Fans loved Robin Williams' intense, wired, rapid-fire comic style

In an interview he gave four years ago (2010), Robin Williams revealed a side of himself few knew.

Speaking to comedian Mark Maron, Williams talked about how worried he was when thoughts of suicide came into his head. This had happened a few years previously, when he was struggling with an alcohol addiction and was "sitting naked in a hotel room with a bottle of Jack Daniels".

"There was one moment when I thought, 'F*** life,'" he said.

As was the Williams way, the telling of the incident in the podcast inevitably became a monologue, an extended comedic bit. His conscience become a separate person, and it scolded him for being too rich, too comfortable and too cowardly to do the deed.

"What are you going to do? Do you want to buy a gun? Cut your wrist with a Waterpik? That's erosion, why are you thinking about that?" said Williams, as Maron - and listeners everywhere - went weak with laughter, even as they felt his despair.

"Who is that on the bed there?" asked his conscience, and he replied that he did not know.

"Well, don't discuss this (thought of suicide) with her, she might tweet it," said his conscience, giving the punchline.

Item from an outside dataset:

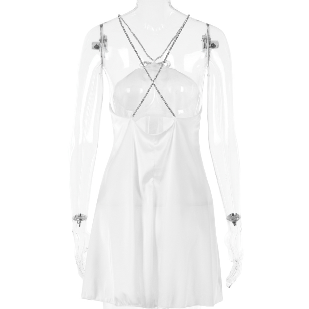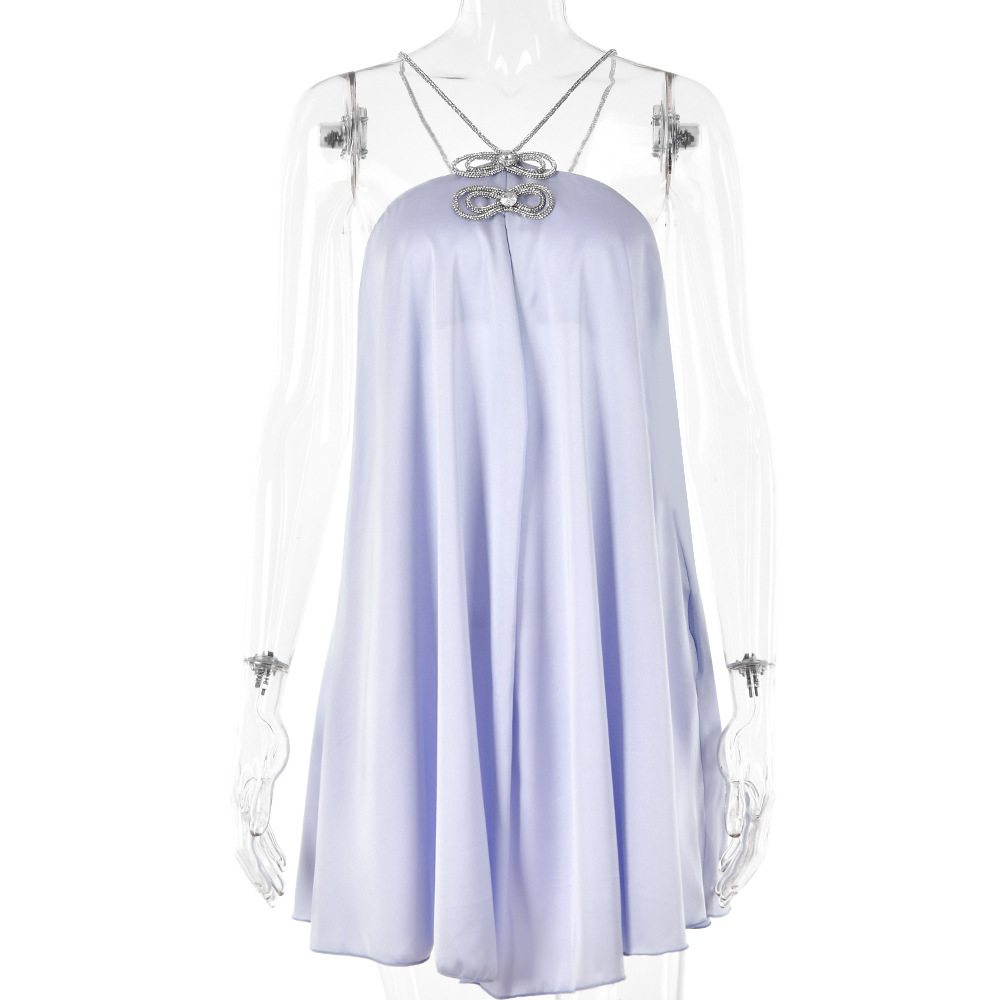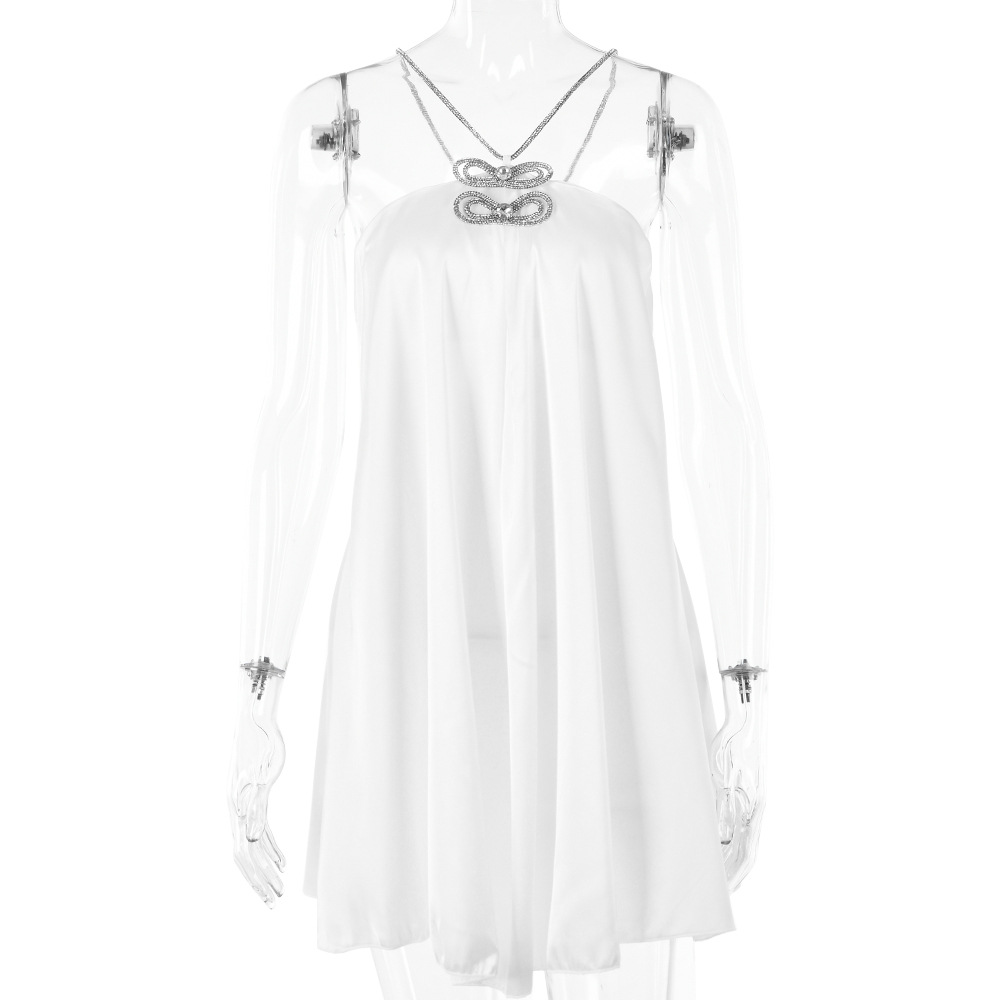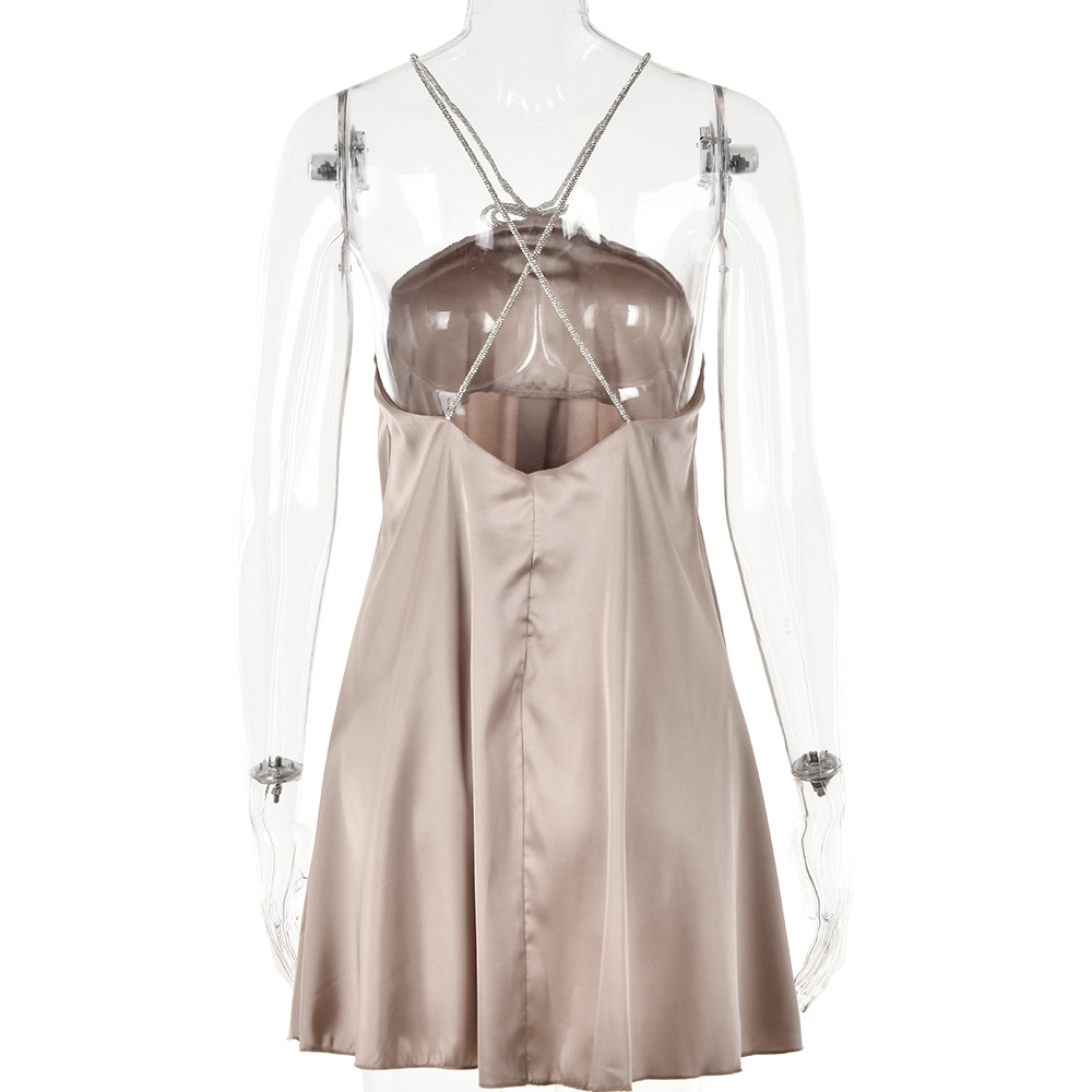 Rhinestone Halterneck Backless Tube Top Short Dress

On Monday, Williams was found dead of asphyxiation in his home in California, aged 63. A representative said that he had been battling depression and suicide is suspected.

In America, he had first gained national attention in the late 1970s by playing a zany alien Mork in the sitcom Mork And Mindy. The show was built around his quick-witted comedic style, one that featured extemporaneous musings, delivered with a flat, staccato rhythm that did not pause for nor emphasise punchlines.

Here in Singapore, we missed out on his post-Mork career as a standup comic, during which he appeared live and on television specials. We would have to wait till 1987 before he came by again, in the drama-comedy Good Morning, Vietnam (1987). This was followed by parts in a string of hit movies, such as Dead Poets Society (1989) and Good Will Hunting (1997).

Unlike comics who find one successful formula movie and stick with it the format (the list of play-it-safe comedians run the gamut from Chevy Chase to Eddie Murphy), Williams went for parts that stretched his capabilities as a serious actor, in films such as The Fisher King (1991), where he played a man who suffered hallucinations after witnessing his wife being gunned down, and One Hour Photo (2002), in which he was a sociopath obsessed with a family.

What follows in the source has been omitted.